Москва знала, что царь очень дорожил дружбой с королевой Елизаветой и даже выражал когда-то намерение сочетаться с ней законным браком, но Анастасия Романовна взяла, не зная того сама, верх над соперницей.
Поблагодарив Малюту за услугу, Иоанн Васильевич сказал только одно слово.
— Слышал?
— Государь, дело в ходу. Смутьяны разнесли палаты Разбойного приказа по брёвнышку, верёвки перерезали, а жаровни испакостили, но я уже открыл сыск и допросы временно веду в церковной сторожке. Двух псковичей на дыбы выставил, но признания в убийстве князя ещё не получил. На углях скажут. Не осуди, если что не так. Внове для меня твоё великое дело, а только разбойников изведу. Бояре делу помеха, но как повелишь?
Отпуская Малюту с выражением доверия и благоволения, Иоанн Васильевич предоставил ему большие права, нежели те, какими пользовался Семиткин. Малюта понял, что отныне он всесильный человек во всём Московском государстве. Ему не будут ставить в вину, если он доведёт пытаемого, хотя бы и боярина, до смерти, будь то на дыбе, на жаровне, под батогами...
После беседы с начальником Разбойного приказа Иоанн Васильевич ощутил потребность омыть душу от греховных дел. Он уединился в моленную и трижды прошёл полные чётки с душевным сокрушением и молитвенными возгласами. В мгновениях высшего возбуждения он бил себя в грудь и распластывался на каменном полу перед образами святителей. В этом настроении его никто не смел беспокоить. В такие покаянные дни он питался одной только просфорой, невидимо поставляемой в оконце моленной, и водой. Спал он здесь же в уголке без подушки на голом полу. У него появлялась даже затаённая склонность к веригам.

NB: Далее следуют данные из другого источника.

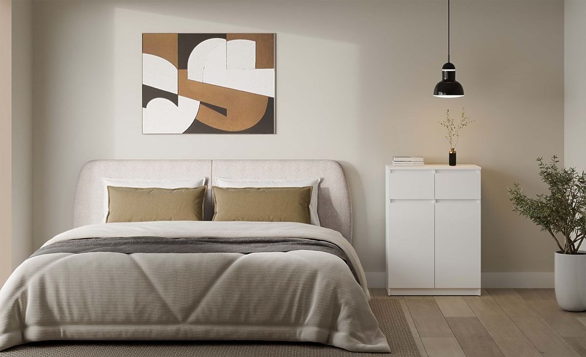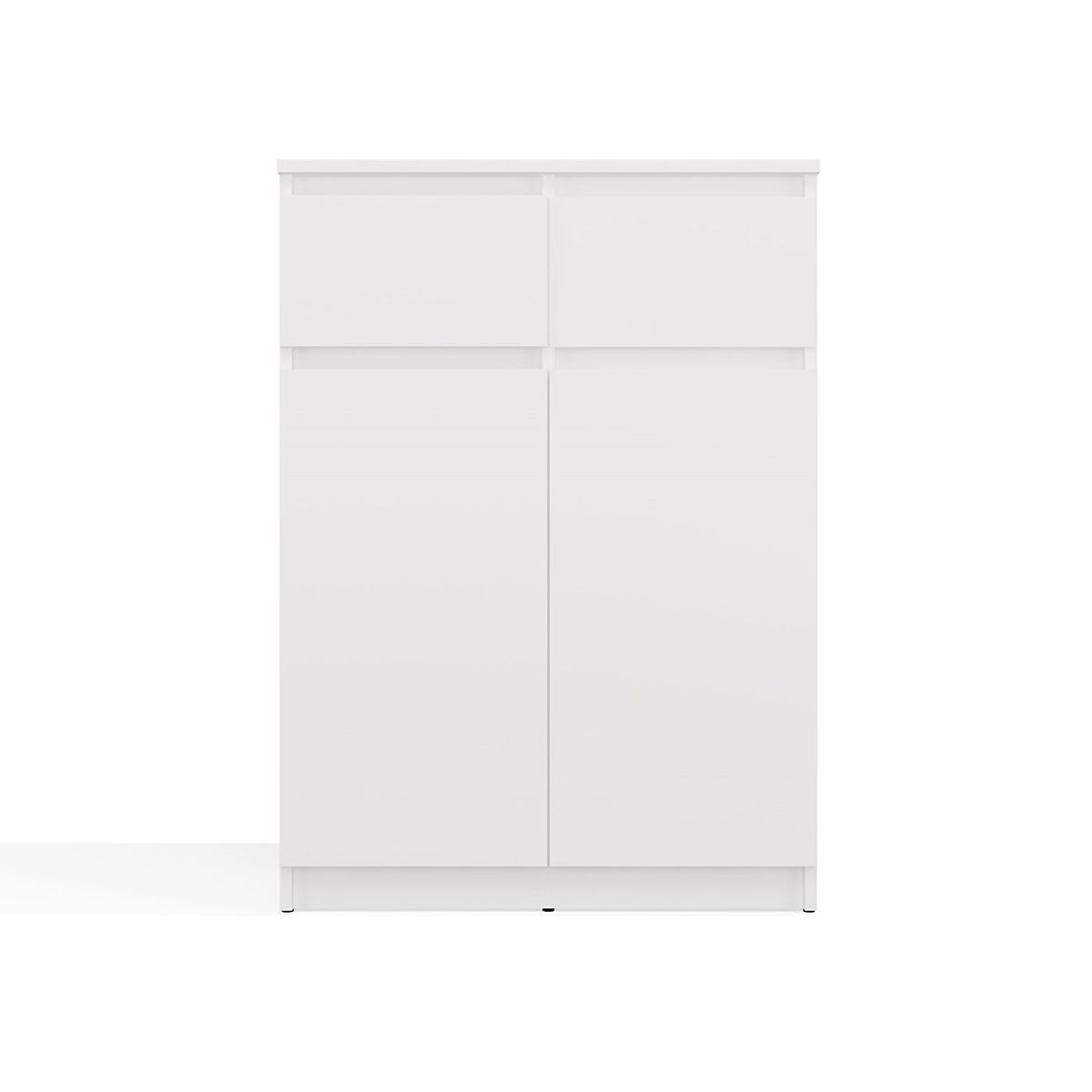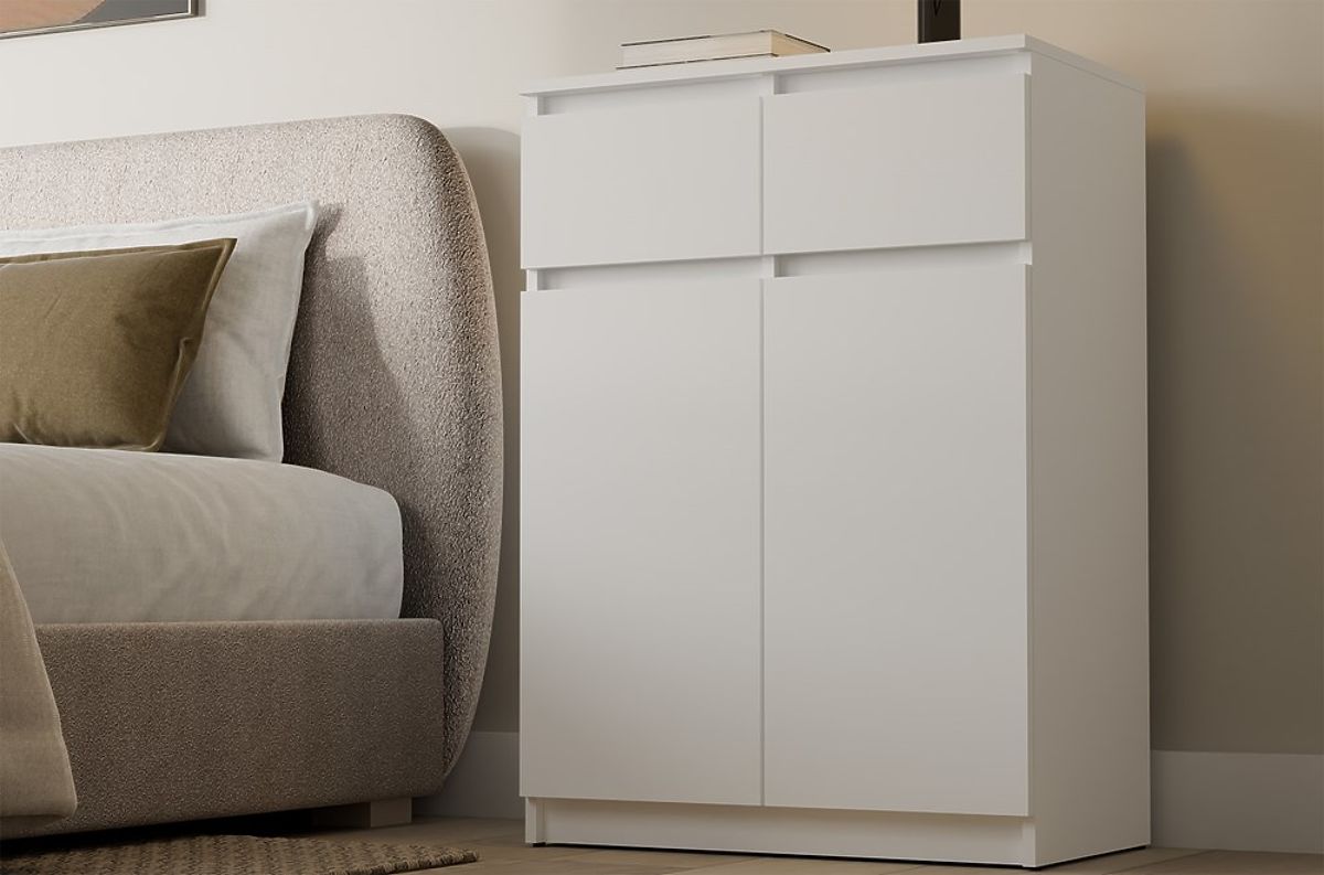 Bílá komoda 2DD2S s dvěma dveřmi a zásuvkami pro různé interiéry. .. více

В такие припадочные дни дворцовая стража берегла его покой пуще глаза. Глядя на Воробьёвы горы издали, можно было думать, что во дворце замерла всякая жизнь и что даже мимолётной птице запрещено махать крыльями и подавать голос. Только на царицыной половине можно было заметить проблески жизни.
Вот эту-то половину и не уберегла стража. Сначала одна погорелка пробралась под окна царицы, никто на него не зыкнул, никто не хлопнул над её головой длинным батогом, точно она была приглашена на званый пирог. Следом за ней другая, третья и наконец прорвалась целая толпа. Каждая погорелка вела за собой или несла на руках мальчонку или девчонку, а то двух ребятишек, раздетых догола, опухших, от недоедания не державшихся на ногах. Вся ватага некоторое время стояла молча перед окнами, но стоило одной завопить, как поднялось общее рыдание.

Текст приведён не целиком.